Refactoring: Improving the Design of Existing Code

Posted by Hemos on Thursday September 23, 1999 @01:55AM from the solid-advice-for-programmers dept.

SEGV has returned and is continuing his excellent set of reviews. This time around, we're looking at Martin Fowler's (with Kent Beck, John Brant, William Opdyke, and Don Roberts) Refactoring: Improving the Design of Existing Code. Click below for more details. Refactoring: Improving the Design of Existing Code author Martin Fowler with Kent Beck, John Brant, William Opdyke, pages 431 publisher Addison-Wesley rating 9/10 reviewer SEGV ISBN summary Just what the working programmer ordered: a catalogue of practical refactorings with solid advice on when and how to apply them.

Overview

This book could very well do for refactoring what the "Gang of Four" book did for design patterns. In fact, with the number of contributing authors, this might well become known as the "Gang of Five" book. (They contributed content to chapters 3 and 12 through 15.)

Organization

Refactoring leaps in feet first with an extended example. I found this to be a surprisingly effective opener: it didn't overwhelm me, and left me hungry for more. The first chapter follows a sample program through several incremental refactorings, and the reader gets the idea via osmosis.

To illustrate the technique of refactoring, the first chapter presents the original code on the left page, and the resulting code on the right, with changes in bold. This presentation, coupled with explanatory text, makes it easy to see what's going on and focus on what's happening. It's as if you're looking over the author's shoulder as he edits, compiles, and tests code in his development environment.

What is Refactoring?

Now that you've done a refactoring, you might be curious to know more about what refactoring is. The next few chapters provide the relevant background.
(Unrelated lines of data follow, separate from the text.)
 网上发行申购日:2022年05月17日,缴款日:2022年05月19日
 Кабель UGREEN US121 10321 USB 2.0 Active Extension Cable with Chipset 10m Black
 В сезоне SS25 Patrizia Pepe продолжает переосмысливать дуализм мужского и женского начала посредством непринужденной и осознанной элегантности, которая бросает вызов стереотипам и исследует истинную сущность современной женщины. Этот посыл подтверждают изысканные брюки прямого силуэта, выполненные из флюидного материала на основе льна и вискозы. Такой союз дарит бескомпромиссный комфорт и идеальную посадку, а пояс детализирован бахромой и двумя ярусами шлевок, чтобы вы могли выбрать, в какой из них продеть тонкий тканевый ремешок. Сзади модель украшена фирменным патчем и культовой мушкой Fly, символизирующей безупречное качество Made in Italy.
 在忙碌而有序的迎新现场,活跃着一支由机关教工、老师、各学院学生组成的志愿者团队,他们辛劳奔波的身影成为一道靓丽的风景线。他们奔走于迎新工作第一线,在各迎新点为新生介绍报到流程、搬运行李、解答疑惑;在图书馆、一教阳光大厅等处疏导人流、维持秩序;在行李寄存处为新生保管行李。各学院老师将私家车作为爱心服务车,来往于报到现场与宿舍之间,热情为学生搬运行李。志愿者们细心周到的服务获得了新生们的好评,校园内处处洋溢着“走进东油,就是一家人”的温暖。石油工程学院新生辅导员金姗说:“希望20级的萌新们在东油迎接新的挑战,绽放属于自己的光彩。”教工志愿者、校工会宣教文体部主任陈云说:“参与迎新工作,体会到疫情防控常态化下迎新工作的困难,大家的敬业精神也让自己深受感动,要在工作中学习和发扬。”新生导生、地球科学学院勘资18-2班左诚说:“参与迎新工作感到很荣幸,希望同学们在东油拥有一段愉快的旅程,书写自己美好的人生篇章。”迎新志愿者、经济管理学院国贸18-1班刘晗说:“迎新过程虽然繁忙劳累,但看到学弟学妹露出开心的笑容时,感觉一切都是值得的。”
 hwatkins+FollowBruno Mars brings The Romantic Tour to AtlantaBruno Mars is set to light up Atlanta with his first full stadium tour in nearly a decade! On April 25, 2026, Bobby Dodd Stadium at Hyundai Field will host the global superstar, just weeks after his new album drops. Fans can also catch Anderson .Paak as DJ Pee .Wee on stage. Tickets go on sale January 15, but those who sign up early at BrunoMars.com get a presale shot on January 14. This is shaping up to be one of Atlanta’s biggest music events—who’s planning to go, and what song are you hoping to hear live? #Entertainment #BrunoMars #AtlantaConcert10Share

Refactoring is what the book's subtitle suggests: changing code in in ways that preserve behaviour, but improve the way that behaviour is generated. This could be as trivial as renaming a method, or as tricky as separating domain and presentation classes.

Why go through this trouble? In the end, the code is different but it acts the same; there has been no new functionality added. Why? You do this to place yourself in a better position to add new functionality to the software. If you don't, you eventually end up with spaghetti code that is unmaintainable and will not support new functionality at all.
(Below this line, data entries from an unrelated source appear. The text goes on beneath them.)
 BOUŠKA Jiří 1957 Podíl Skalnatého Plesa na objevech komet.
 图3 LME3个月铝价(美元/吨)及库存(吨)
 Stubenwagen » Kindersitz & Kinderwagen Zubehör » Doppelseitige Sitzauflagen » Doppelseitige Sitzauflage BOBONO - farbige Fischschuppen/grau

I think anyone who has worked on real code can appreciate the need for refactoring. In fact, most good programmers already do it, although perhaps only on a subconscious level. What this book aims to do is to raise that ad-hoc activity to a higher level of applied technique. Just as there are principles and practices in GUI design (as opposed to merely throwing widgets together randomly), there are principles and practices in refactoring activity: this book catalogues them.

Catalogue

Sandwiched between introductory and summary chapters is the meat of the book: a catalogue of over seventy refactorings. This catalogue follows in the footsteps of the highly successful Design Patterns format: Pattern Name and Classification, Intent, Also Known As, Motivation, Applicability, Structure, Participants, Collaborations, Implementation, Sample Code, Known Uses, and Related Patterns. Since the individual refactorings are less complex than patterns, this catalogue uses the format: Name, Summary, Motivation, Mechanics, and Examples.

The idea is the same. The name and summary provide a definitive vocabulary and a reference-card example. The motivation explains the relevance of the refactoring. The mechanics cover the step-by-step details of how the refactoring is executed. Then a series of examples demonstrate the variations.

Applicability

I like the catalogue. Although some refactorings seem deceptively trivial, it is useful to have them laid out in step-by-step detail. You never know when you will make a mistake, and when you absolutely positively must fix a bug or add a feature by the next day, and need to refactor to do it, slow and steady wins the race.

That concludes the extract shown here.